From time to time, I take advantage of educational conference-call opportunities that are made available by some of the leading cancer research and patient-support organizations. This afternoon, I listened to one that featured Dr. Owen O’Connor of Columbia University and Dr. Bruce Cheson of Georgetown University, both of them lymphoma specialists.
I’ve heard Dr. Cheson numerous times in the past (that's him to the left). Dr. O’Connor was a new name to me (see below for his photo).
The program was sponsored by CancerCare.org.
Often, my chief take-away after listening to such programs is to feel reassured that I’m pretty much on top of the subject of recent advances in lymphoma treatments. That, in itself, is encouraging.
Today, though, I actually heard a few things I hadn’t heard before. Or, if I did hear them before, they didn’t register with me.
The first has to do with the vexed question of what sub-type of NHL I actually have. My initial diagnosis was for small B-cell lymphoma, which is usually understood to be an indolent form of the disease (as is the relatively common follicular lymphoma).
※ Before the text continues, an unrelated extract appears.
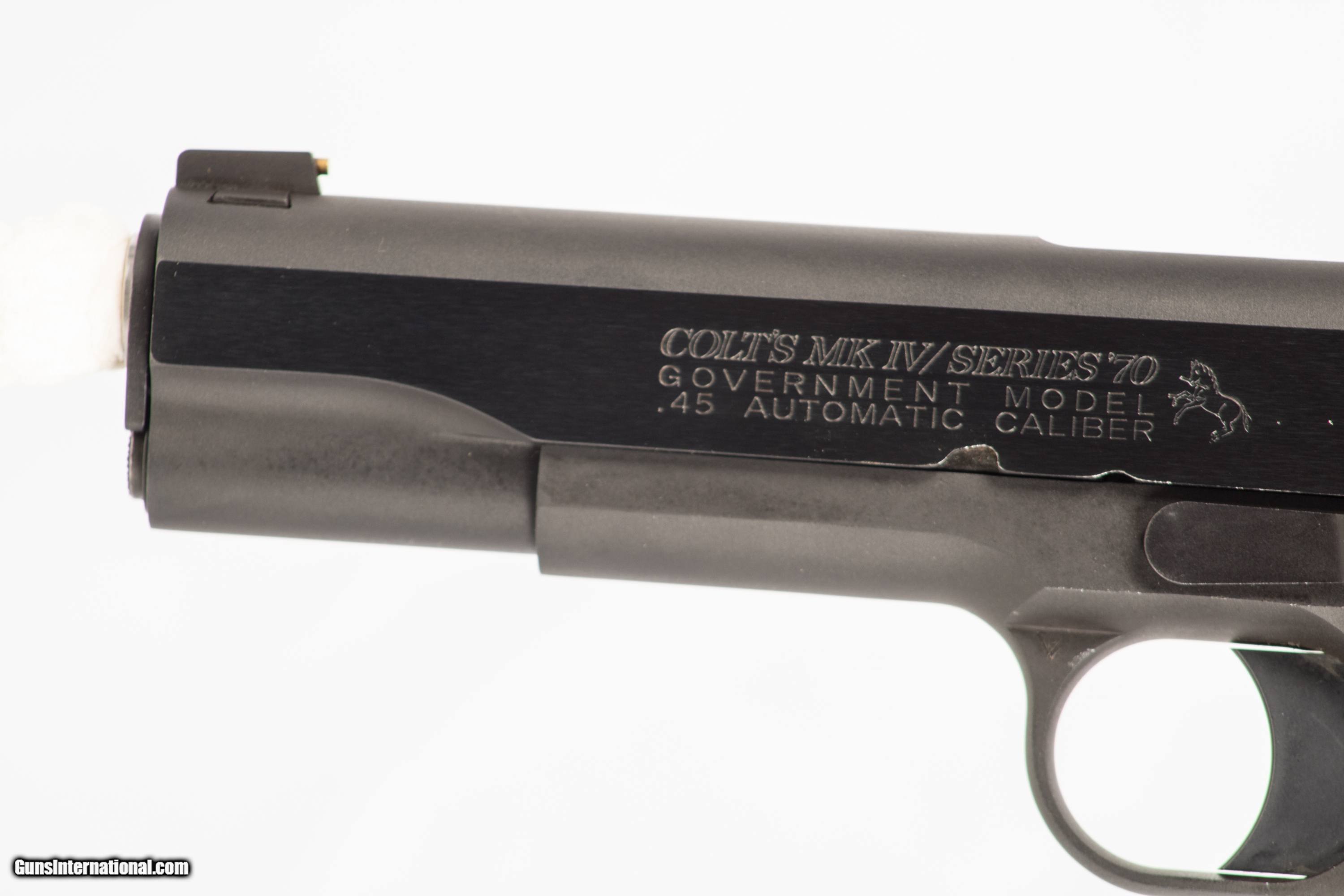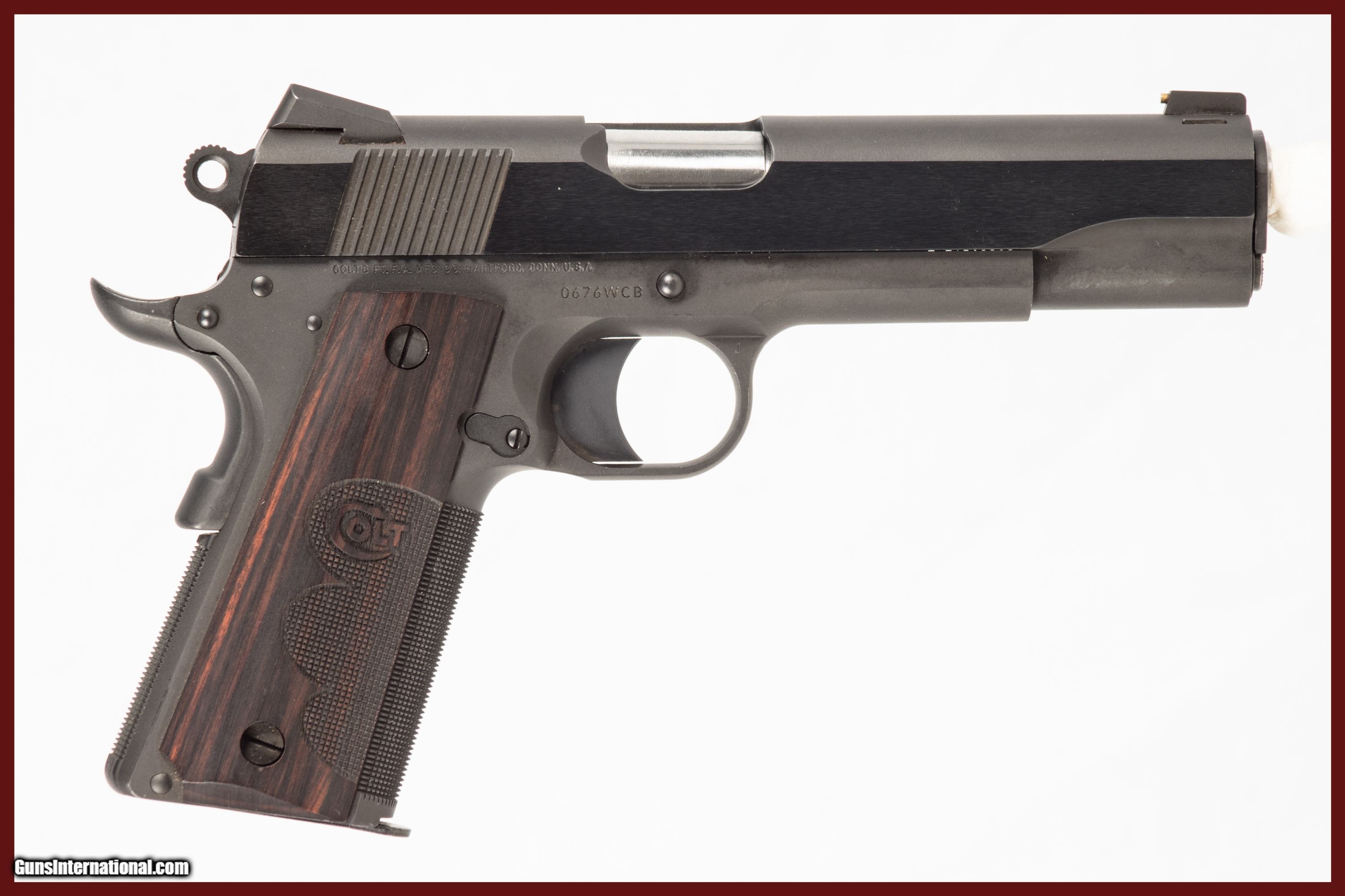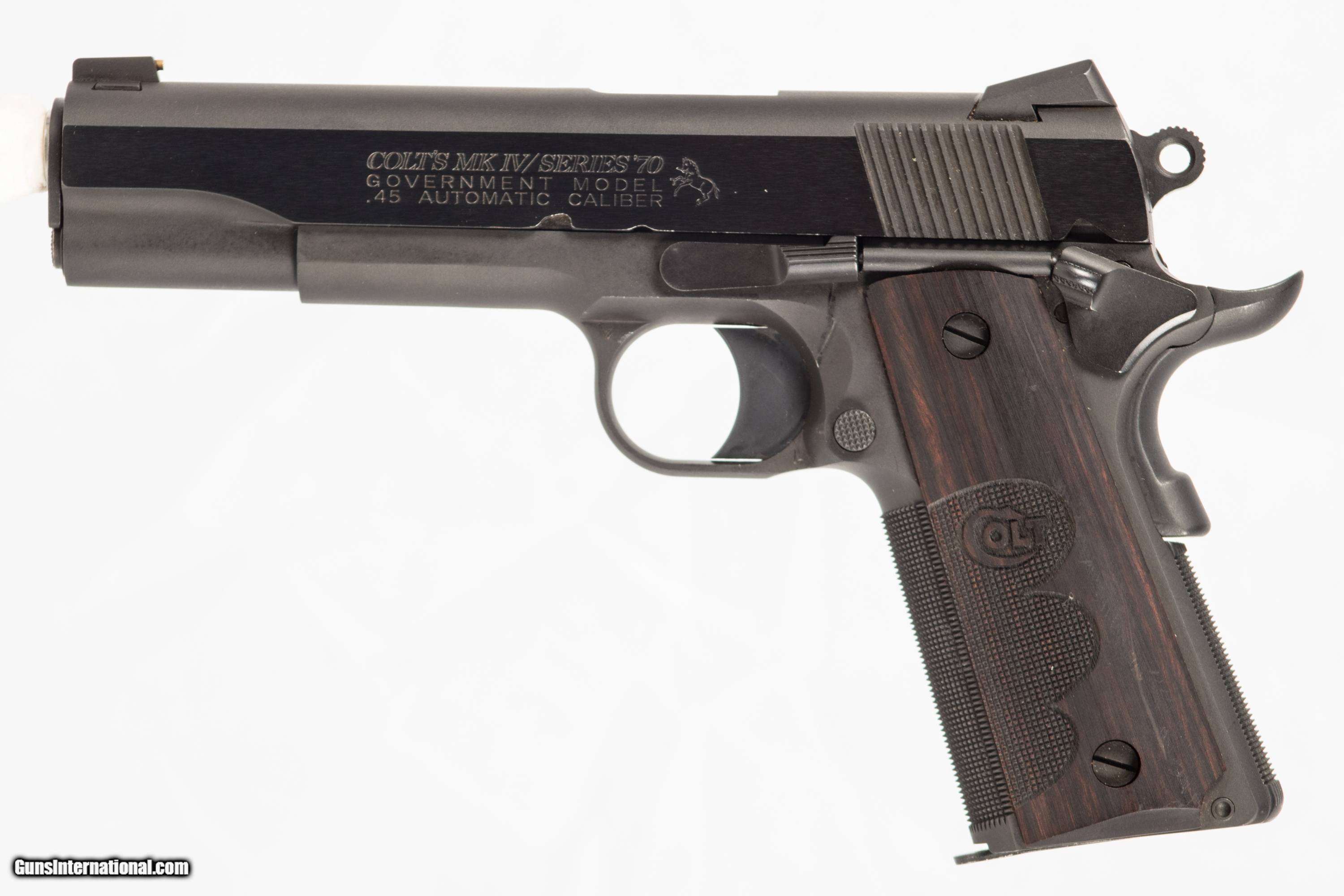 Colt MK IV Series 70 chambered in 45 ACP with a 5 inch barrel bright & shiny bore original box and extra magazine. This gun is in excellent condition and is covered by Dury's Lifetime Warranty.

My second-opinion from a pathologist at Memorial Sloan-Kettering in New York, however, identified a significant number of large cells (more dangerous, but also more susceptible to curative treatment), which set me out on the chemotherapy journey on which I embarked in early 2006. The new diagnosis at the time was “diffuse mixed large and small B-cell.”
As a result, when I attend lymphoma educational conferences where they ask participants with B-cell NHL to break out into workshop groups, some follicular and others large B-cell, I never quite know where to go.
Today I heard Dr. O’Connor speak of the fact that, when it comes to diagnosis, there is often a significant gray area between high-grade (somewhat more aggressive) follicular lymphoma and diffuse large B-cell. He also said there are well-documented examples of “histologic transformation of follicular lymphoma,” which means that a patient’s disease actually changes fro one form to another.
I’m not saying that happened to me, necessarily. It’s just that it highlights how the pathology reports that doctors often present to patients with such certainty are sometimes as much an art as a science. Dr. O’Connor pointed out that, in the case of some patients, if you were to present the same pathology report to ten different pathologists, as many as three or four of them may differ from the others with respect to grading of the disease.
That would put me squarely in the gray area, it would seem. It also means I’m likely always to have difficulty deciding which workshop group to join.
Generally, the news continues to be encouraging. Both doctors emphasized that, in the world of B-cell lymphoma, there are a great many treatments to choose from in the event of relapse. Here’s hoping I’ll never need them, but in case I do someday, it’s good to know there’s a choice.
They also made me feel like the R-CHOP treatment — harsh as it was — was, indeed, the most appropriate choice for me at the time. One of the callers in the question-and-answer session was wondering whether it’s best for a newly-diagnosed follicular lymphoma patient to start off with Rituxan only, rather than more traditional chemo agents. Dr. Cheson was quite clear that, the younger the patient is, the more important it is — all things being equal — to start with the harsher treatment first. Not only are the benefits likely to be longer-lasting with traditional chemo, but older patients are more likely to have difficulty tolerating it. So, it’s better to use it while you can, as a primary rather than a refractory treatment, while you’re relatively young.
I’ve often wondered, as well — especially as I speak to other patients whose disease is quiescent and who are pursuing long-term maintenance Rituxan treatments — whether watchful waiting continues to be the best course of action. Dr. Cheson put my mind at ease in that regard, by repeating news of some research studies I’ve already heard about. Specifically, these studies have found that, while maintenance Rituxan treatments may cause longer remissions, when everything is said and done, the overall survival rates of those who have had these monthly IV drips is no better than those who have not.
Anyway, it was a productive and reassuring hour to spend — even considering the ambiguity that goes along with living in the gray area. Thanks to the good folks at CancerCare for putting on such a useful program!